The Linux GPU memory management subsystem (TTM/GEM/GPUVM) constitutes a domain-specific re-implementation of classical CPU virtual memory concepts—virtual address spaces, demand paging, LRU-based eviction, and swap—adapted to the constraints of discrete accelerator memory hierarchies.

This is evidenced by:

  1. Direct lexical borrowing (swap_storage, TTM_TT_FLAG_SWAPPED, ttm_tt_swapin())
  2. Isomorphic data structure design (drm_gpuvmmm_struct, drm_gpuvavm_area_struct)
  3. Identical algorithmic strategies (LRU eviction scanning, shrinker integration, fault-driven population)
  4. Converging evolution (GPU fault handling moving toward CPU-style demand paging via SVM/HMM)

2. Argumentation

2.1 Address Space Management

CPU MM GPU MM (DRM) Structural Role
mm_struct struct drm_gpuvm Per-context virtual address space container
vm_area_struct struct drm_gpuva Contiguous VA region mapped to a backing object
VMA red-black tree GPUVM interval rb-tree Spatial indexing for fast lookup
mmap() / munmap() drm_gpuvm_sm_map() / drm_gpuvm_sm_unmap() User-facing VA space mutation
VMA split/merge on partial unmap drm_gpuva_op_remap (split) Maintaining VA space consistency

The drm_gpuvm documentation states:

“The DRM GPU VA Manager keeps track of a GPU’s virtual address space by using maple_tree structures… There should be one manager instance per GPU virtual address space.”

This is functionally identical to mm_struct managing a process’s virtual address space. The kernel_alloc_node in drm_gpuvm directly mirrors the kernel’s reserved address range in process VA space.

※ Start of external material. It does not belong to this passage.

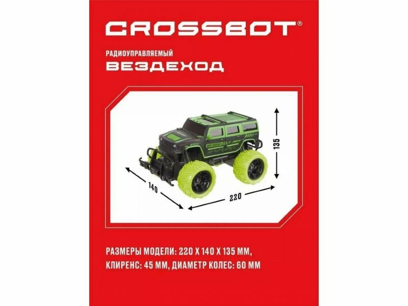 Машинка на радиоуправлении Crossbot джип на пульте Трофи Герой зеленый
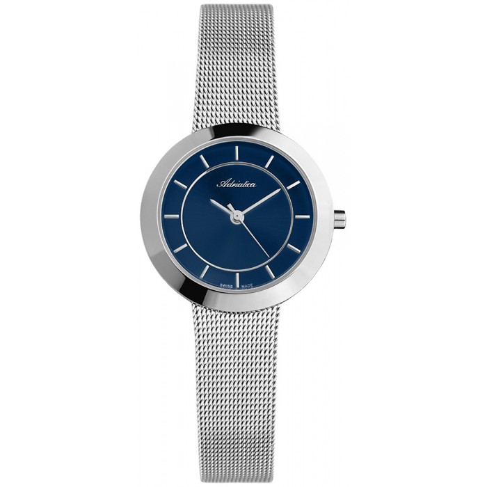 Zegarek ADRIATICA A3645.5115Q to klasyczny i subtelny model, który spodoba się szczególnie kobietom, które szukają uniwersalnego dodatku na wszystkie okazje. Okrągła srebrna koperta wraz z bransoletą typu mesh zostały wykonane z antyalergicznej stali szlachetnej. Granatowy cyferblat jest niezwykle elegancki i idealnie komponuje się ze srebrną oprawą czasomierza. Urządzenie napędzane jest przez niezawodny i precyzyjny system kwarcowy Ronda 763 Swiss Made, który daje gwarancje długoletniej pracy tego modelu. Tarcza zegarka zabezpieczona jest mineralnym utwardzanym szkiełkiem, które jest odporne na wszelkie zarysowania. Warto również wspomnieć o klasie wodoszczelności zegarka ADRIATICA A3645.5115Q, która wynosi 3 ATM, co pozwala na delikatne zachlapania powstałe w trakcie mycia czy pielęgnacji dłoni.

2.2 Backing Storage and Placement

CPU MM GPU MM (TTM) Structural Role
Physical RAM (zones) VRAM (TTM_PL_VRAM) Fast, limited primary storage
Swap device System memory (TTM_PL_SYSTEM) Slower, larger overflow storage
struct page struct ttm_resource Unit of physical allocation tracking
Page frame allocation (buddy) gpu_buddy_alloc_blocks() Power-of-two physical allocator
NUMA node affinity ttm_place.mem_type Placement preference hierarchy

The TTM placement system (struct ttm_placement with an ordered array of struct ttm_place) is analogous to NUMA memory policies—expressing a preference hierarchy for where memory should physically reside.

2.3 The Swap Analogy

This is the most explicit parallel, with TTM directly adopting CPU MM terminology:

struct ttm_tt {
    struct page **pages;
    #define TTM_TT_FLAG_SWAPPED  BIT(0)   // ← CPU swap terminology
    struct file *swap_storage;             // ← shmem backing, like swap
    ...
};

The eviction-to-system-memory path in TTM is structurally identical to page swap-out:

CPU Swap-Out GPU Eviction (TTM)
Select victim via LRU scan Select BO via ttm_resource_manager.lru[]
Write page contents to swap device Move BO contents to system memory / shmem (swap_storage)
Replace PTE with swap entry Update ttm_resource placement; set TTM_TT_FLAG_SWAPPED
Free physical page frame Free VRAM allocation

The swap-in / fault-in path:

CPU Swap-In GPU Re-validation
Page fault triggers do_swap_page() Command submission triggers drm_gpuvm_validate()
Read from swap, allocate page frame Call ttm_bo_validate() → allocate VRAM, copy back
Install PTE pointing to new frame Update GPU page table entry
Clear swap entry Clear TTM_TT_FLAG_SWAPPED; call ttm_tt_swapin()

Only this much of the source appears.